--- Records for this exercise ---
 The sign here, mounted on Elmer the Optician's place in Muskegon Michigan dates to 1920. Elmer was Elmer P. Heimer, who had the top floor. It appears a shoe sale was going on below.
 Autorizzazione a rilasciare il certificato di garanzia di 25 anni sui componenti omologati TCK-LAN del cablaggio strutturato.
---
--- Records for this exercise ---
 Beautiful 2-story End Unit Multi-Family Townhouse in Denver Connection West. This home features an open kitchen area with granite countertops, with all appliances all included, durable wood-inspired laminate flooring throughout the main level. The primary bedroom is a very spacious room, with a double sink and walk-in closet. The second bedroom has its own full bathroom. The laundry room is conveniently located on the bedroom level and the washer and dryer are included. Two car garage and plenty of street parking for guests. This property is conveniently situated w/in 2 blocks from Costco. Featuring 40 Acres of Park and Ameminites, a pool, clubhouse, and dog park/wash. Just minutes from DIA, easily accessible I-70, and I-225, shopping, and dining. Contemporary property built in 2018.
---
--- Records for this exercise ---
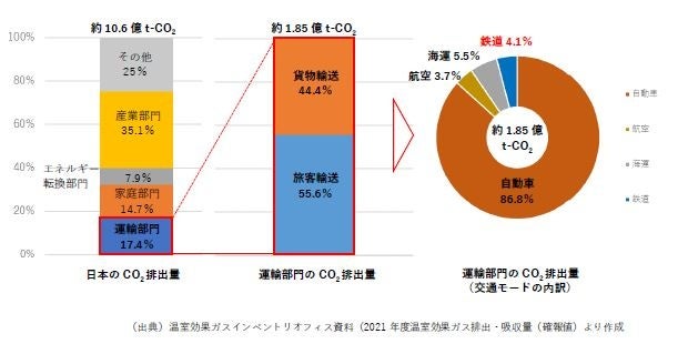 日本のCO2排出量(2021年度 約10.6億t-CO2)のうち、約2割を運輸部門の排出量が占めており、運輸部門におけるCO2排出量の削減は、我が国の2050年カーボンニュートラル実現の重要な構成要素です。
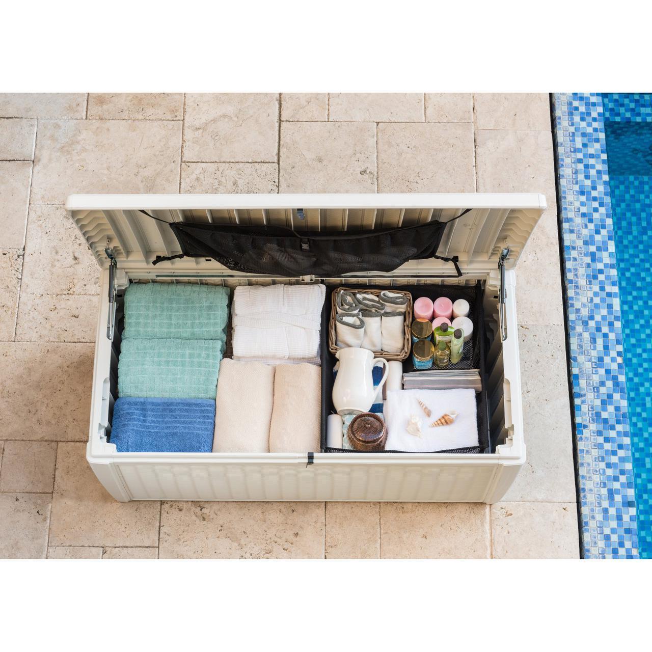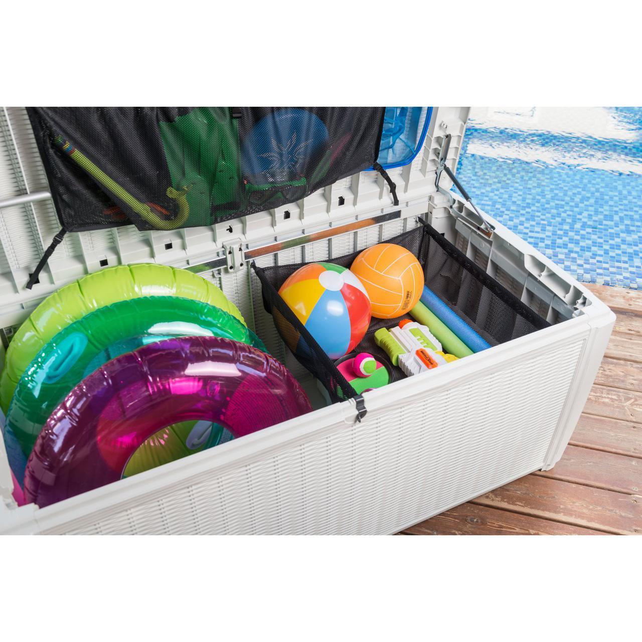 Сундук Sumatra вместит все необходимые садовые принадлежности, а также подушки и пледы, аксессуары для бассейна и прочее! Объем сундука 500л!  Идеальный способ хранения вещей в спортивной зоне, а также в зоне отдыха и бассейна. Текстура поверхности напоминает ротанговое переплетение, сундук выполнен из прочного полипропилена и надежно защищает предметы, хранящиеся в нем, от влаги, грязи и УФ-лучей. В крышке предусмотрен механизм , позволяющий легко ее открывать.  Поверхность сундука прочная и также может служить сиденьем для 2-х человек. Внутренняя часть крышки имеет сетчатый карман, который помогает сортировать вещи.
---
Please copy, exactly as written, every line in the listing above from the line with "The sign here, mounted" up to and including the line with "Autorizzazione a rilasciare".

 The sign here, mounted on Elmer the Optician's place in Muskegon Michigan dates to 1920. Elmer was Elmer P. Heimer, who had the top floor. It appears a shoe sale was going on below.
 Autorizzazione a rilasciare il certificato di garanzia di 25 anni sui componenti omologati TCK-LAN del cablaggio strutturato.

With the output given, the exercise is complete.